◆ WHAT THE EXERCISE ASKS ◆
In the records below, find the line with "Nous partons en", then retype it and every following line exactly, stopping after the line with "Gay couple portrait, lying". Leave the pictures out.

◆ EXERCISE DATA ◆

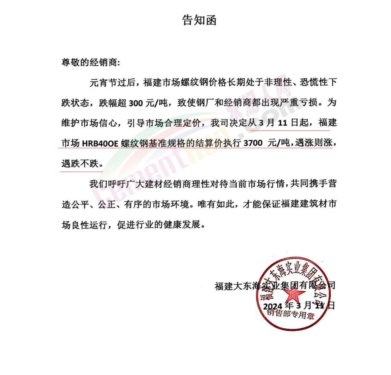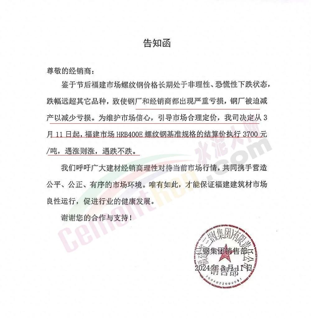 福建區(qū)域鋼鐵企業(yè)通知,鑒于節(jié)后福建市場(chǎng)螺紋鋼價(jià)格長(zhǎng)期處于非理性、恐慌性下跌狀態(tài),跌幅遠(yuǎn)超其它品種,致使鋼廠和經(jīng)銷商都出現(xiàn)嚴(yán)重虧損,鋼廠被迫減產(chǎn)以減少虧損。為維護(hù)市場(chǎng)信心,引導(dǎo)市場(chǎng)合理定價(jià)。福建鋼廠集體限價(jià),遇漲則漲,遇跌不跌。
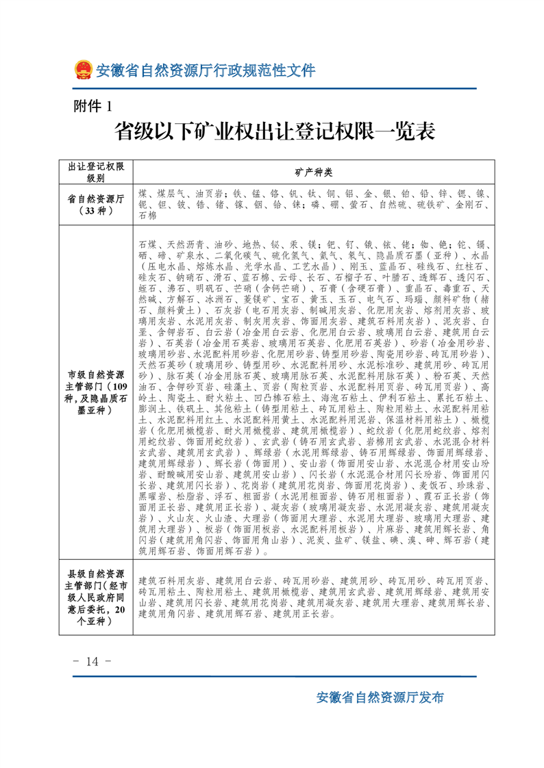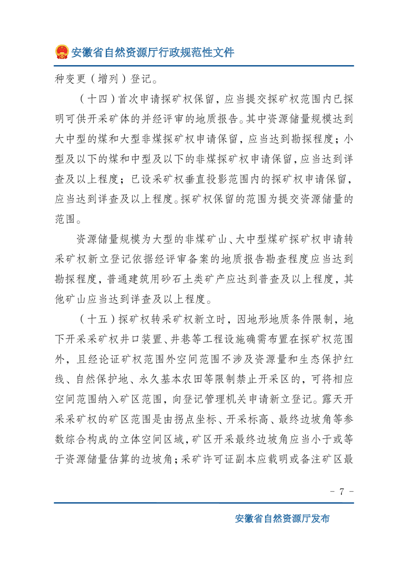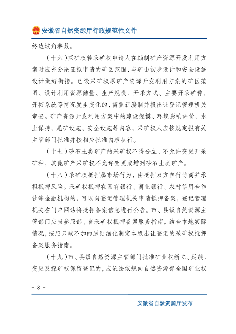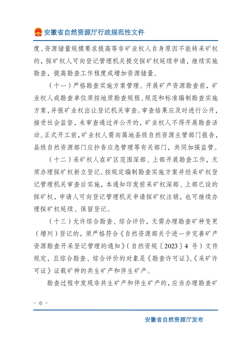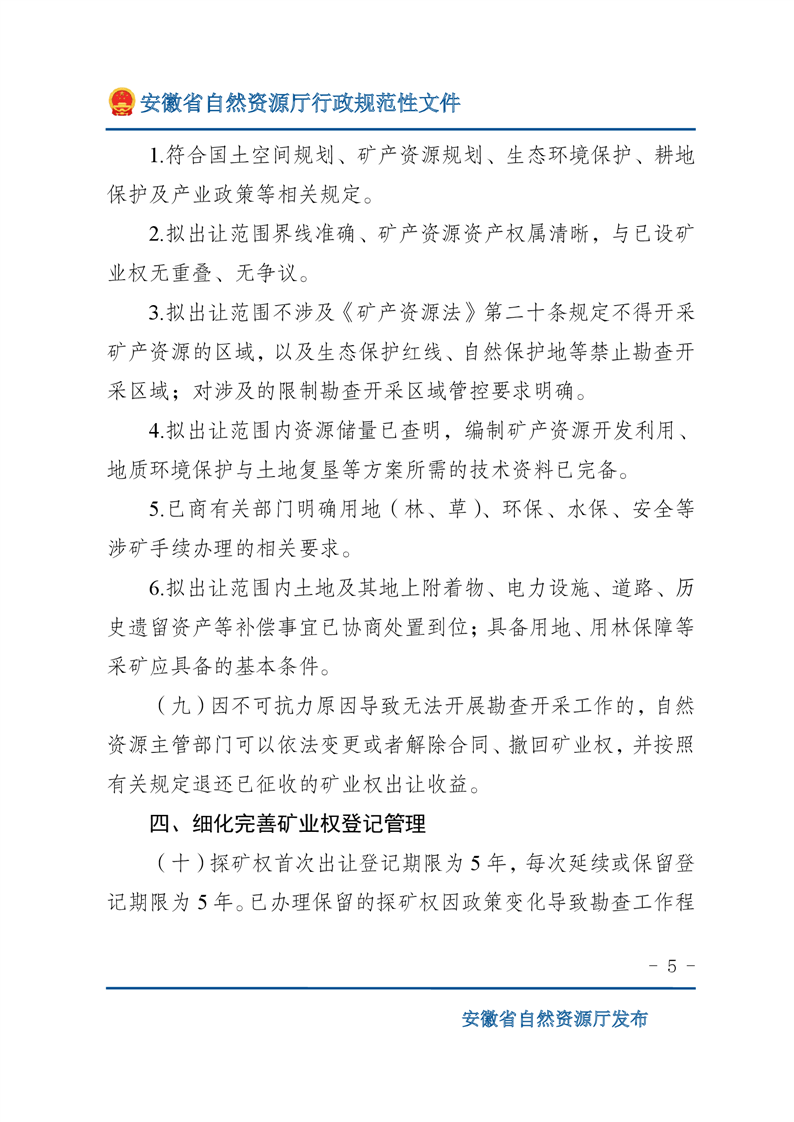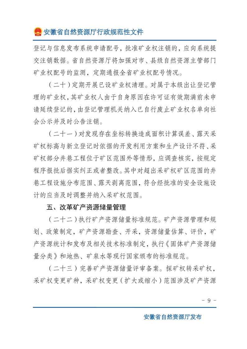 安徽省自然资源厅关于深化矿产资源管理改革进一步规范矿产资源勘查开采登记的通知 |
* * *
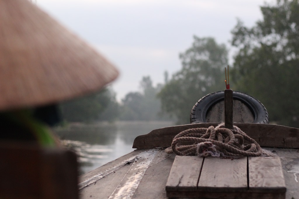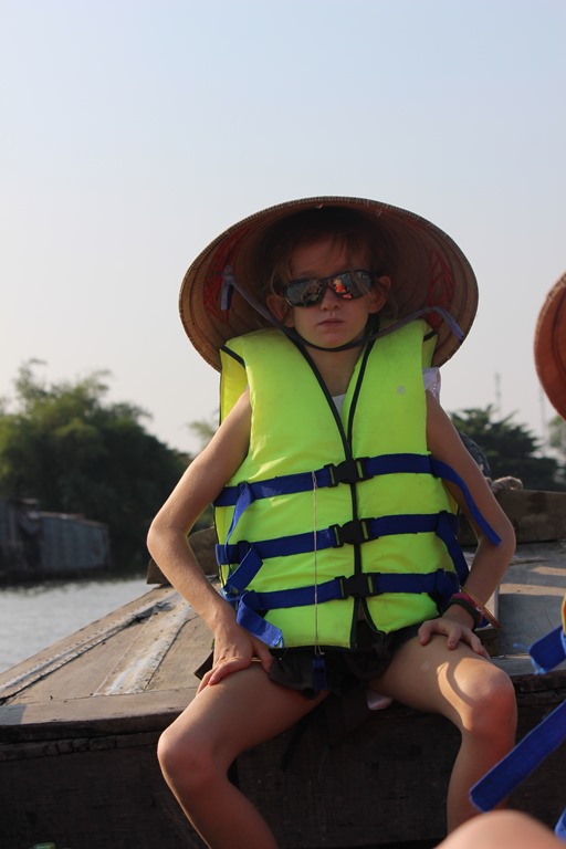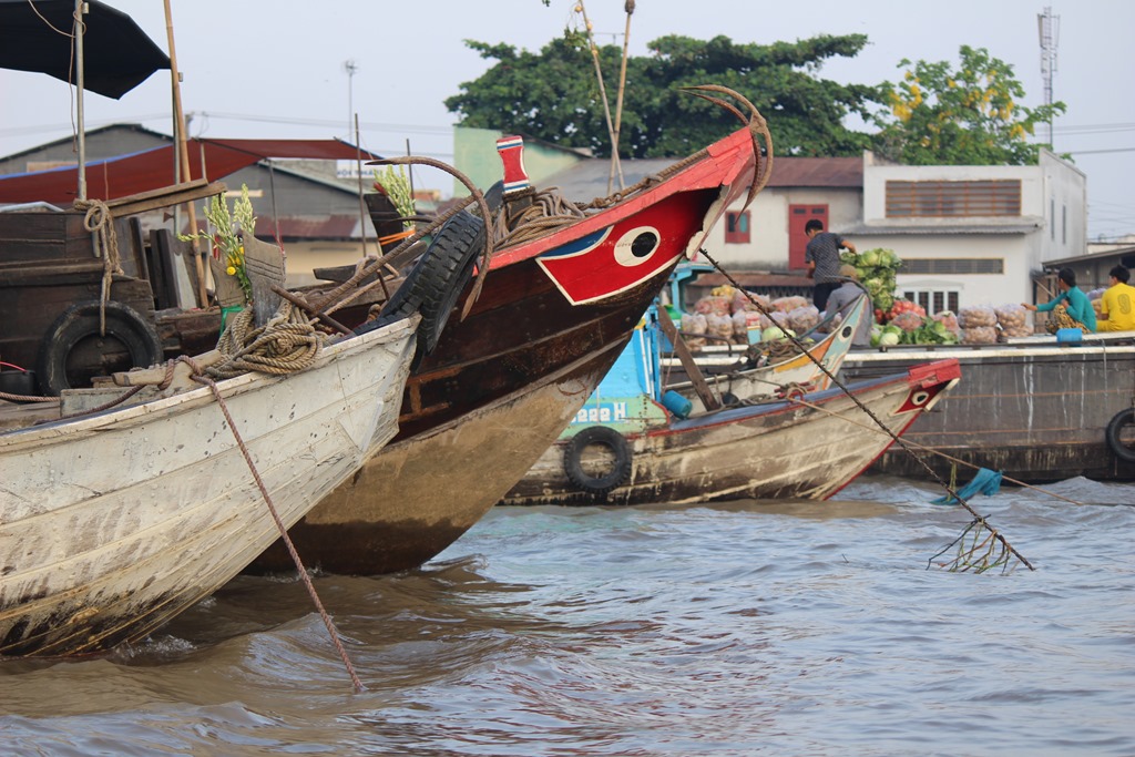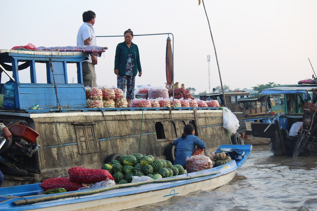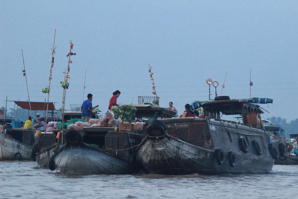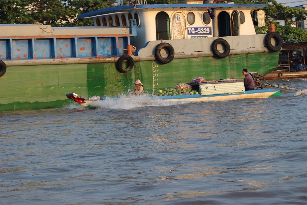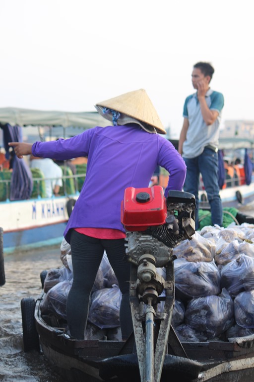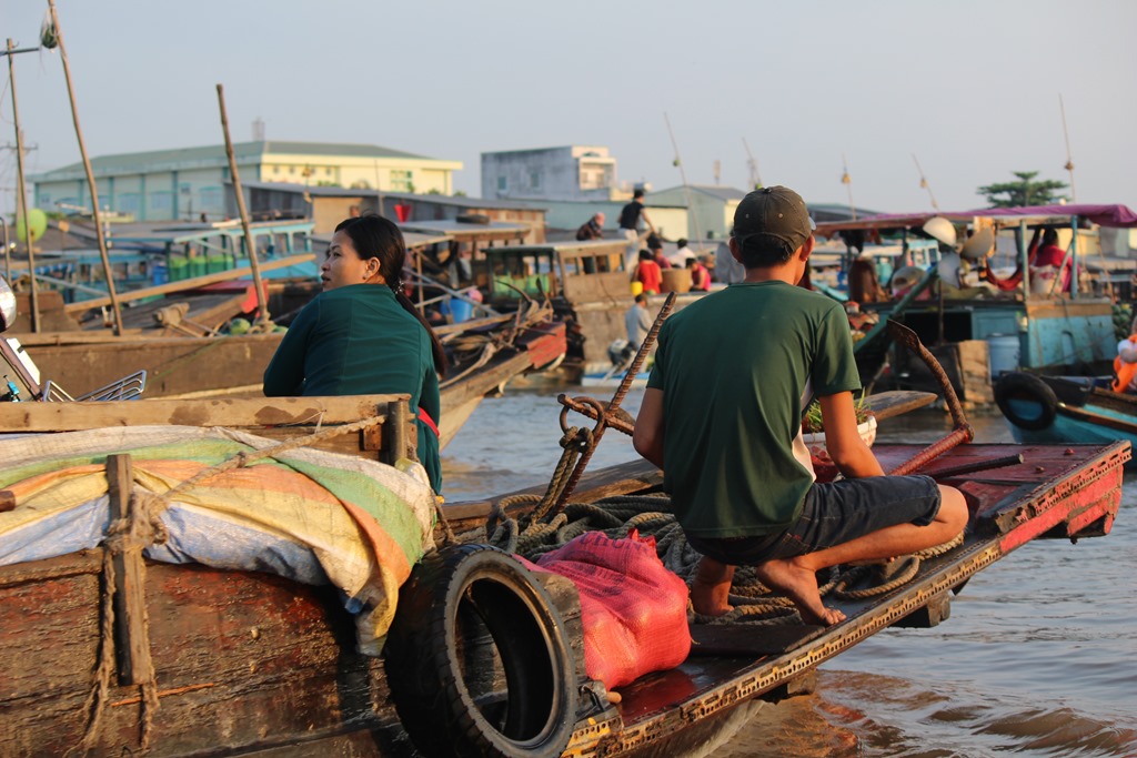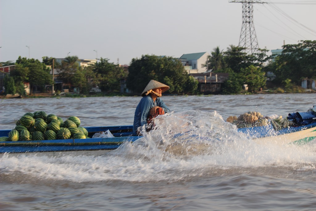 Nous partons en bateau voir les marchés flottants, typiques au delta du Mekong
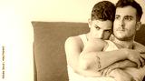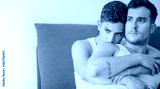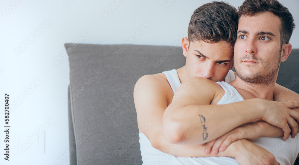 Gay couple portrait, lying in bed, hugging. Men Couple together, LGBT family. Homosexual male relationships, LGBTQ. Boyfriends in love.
...
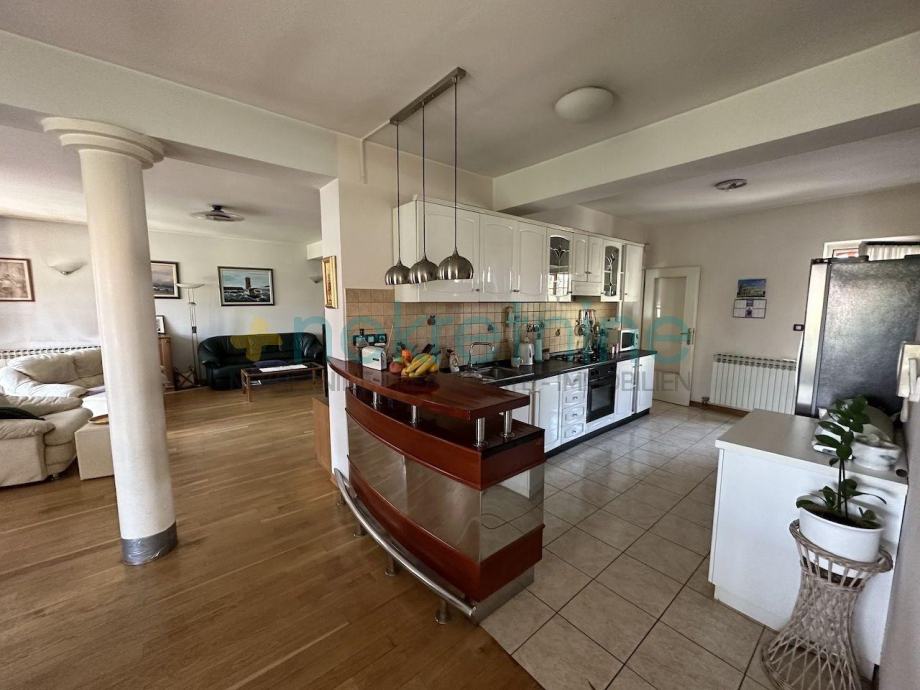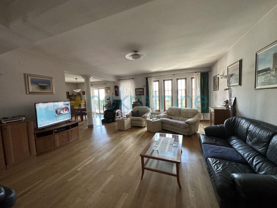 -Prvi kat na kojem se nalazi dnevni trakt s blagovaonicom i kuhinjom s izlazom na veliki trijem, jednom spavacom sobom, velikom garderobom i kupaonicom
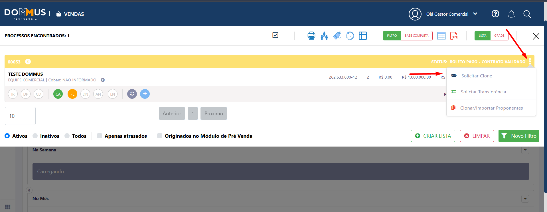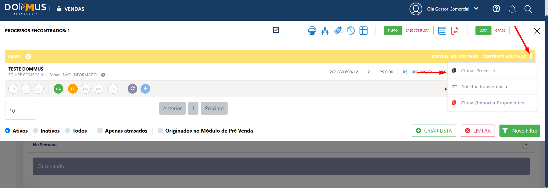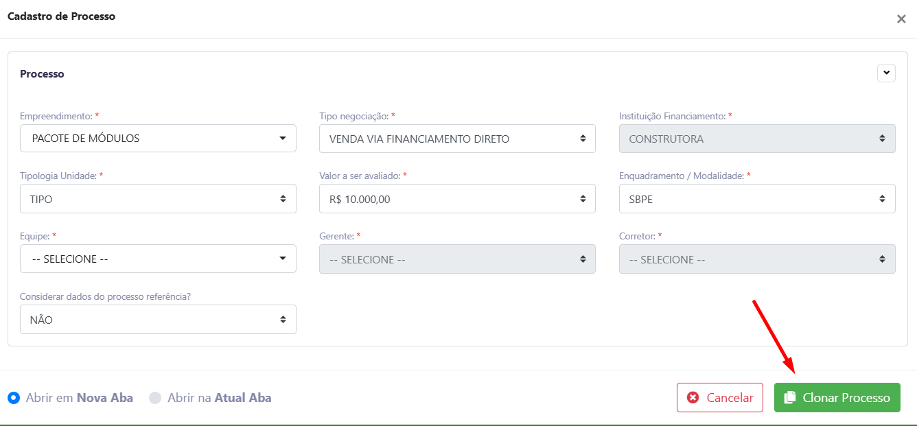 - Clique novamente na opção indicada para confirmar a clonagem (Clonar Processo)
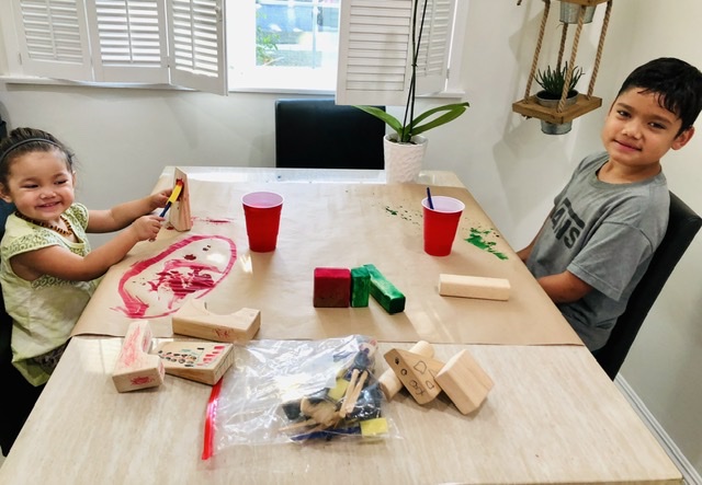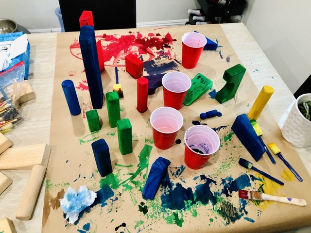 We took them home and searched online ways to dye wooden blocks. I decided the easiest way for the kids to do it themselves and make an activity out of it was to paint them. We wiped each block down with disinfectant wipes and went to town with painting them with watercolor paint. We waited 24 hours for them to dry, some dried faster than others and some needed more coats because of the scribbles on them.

◆ WRITTEN SOLUTION ◆
 Nous partons en bateau voir les marchés flottants, typiques au delta du Mekong
 Gay couple portrait, lying in bed, hugging. Men Couple together, LGBT family. Homosexual male relationships, LGBTQ. Boyfriends in love.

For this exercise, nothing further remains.